ICC Jakarta – Muhammad Taqî Misbah Yazdî lahir di kota Yazid, Iran, pada 1313 HS. Ia menyelesaikan pendidikan dasarnya di kota tersebut, lalu hijrah ke Najaf guna melanjutkan studi keislamannya. Namun, akibat problem finansial, setelah sempat setahun di sana, ia hijrah ke Qom. Sejak tahun 1331 HS hingga 1339 HS, ia aktif mengikuti kuliah-kuliah Imam Khomeini,. Ia juga aktif mengikuti kuliah Allamah Thabâthabâ’i tentang tafsir al-Quran, asy-Syifa’ karya Ibnu Sina, dan al-Asfar al-Arba’ah karya Mullâ Shadrâ. Selama 15 tahun, ia mengikuti kuliah fiqih Ayatullah Behjat.

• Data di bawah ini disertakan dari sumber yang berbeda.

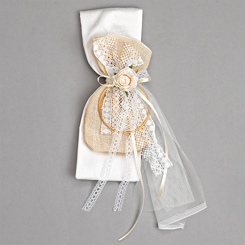 Μπρανς Βάπτισης σε Λευκό Χρώμα με Δαντέλα, Χρυσό Κύκλο και Τριαντάφυλλο
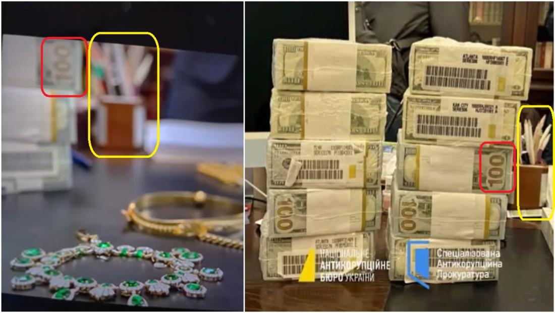 Bei genauerer Betrachtung des linken Bildes fällt auf, dass versucht wurde, das Aussehen des Stapels auf den Banknoten und des Behälters mit Stiften aus dem authentischen Foto nachzuahmen. Die Zahlen auf dem 100-Dollar-Schein stimmen jedoch nicht mit jenen auf den echten Dollar-Banknoten im rechten Bild überein.

Sejak Imam Khomeini diasingkan ke luar Iran oleh Rezim Shah, ia sibuk melakukan penelitian dalam bidang sosiologi Islam, antara lain tentang Jihad, hukum peradilan, dan konsep pemerintahan Islam.
Dalam arena politik, ia juga memainkan peran penting bersama dengan rekan-rekannya, seperti Ayatullah Behesyti, Ayatullah Rafsanjani, dan Hujjatul Islam Muhammad Javad Bahonar. Pada masa perlawanan terhadap pihak penguasa, ia menjadi penanggung jawab dua media informasi, yaitu media Bi’tsat dan Enteqam. Kemudian, bersama Ayatullah Jannati, Ayatullah Behesyti, dan Ayatullah Qoddusi, ia mengelola pusat pendidikan Haqqani. Atas anjuran dan dukungan Imam Khomeini, selama 10 tahun, ia sibuk menjadi guru besar filsafat dan ilmu-ilmu Al-Quran.
Pada tahun 1369 HS, ia terpilih sebagai anggota Dewan Ahli dari propinsi pemilihan Khuzestan. Dalam pemilihan terakhir Dewan Ahli, ia kembali terpilih sebagai anggota yang mewakili ibukota Tehran.
Sejak wafatnya Murtadhâ Muthahharî, Muhammad Taqî Misbah Yazdî merupakan figur pemikir produk hawzah Qom yang paling menonjol dan produktif. Ia telah memainkan peran penting dalam menciptakan iklim yang kondusif bagi perkembangan wacana filsafat Islam seraya berusaha mengharmoniskan Shadraisme, masyya’iyah (peripatetisme ala Ibnu Sina), filsafat modern, dan visi politik Imam Khomeini yang berpijak di atas konsep welayat e faqih.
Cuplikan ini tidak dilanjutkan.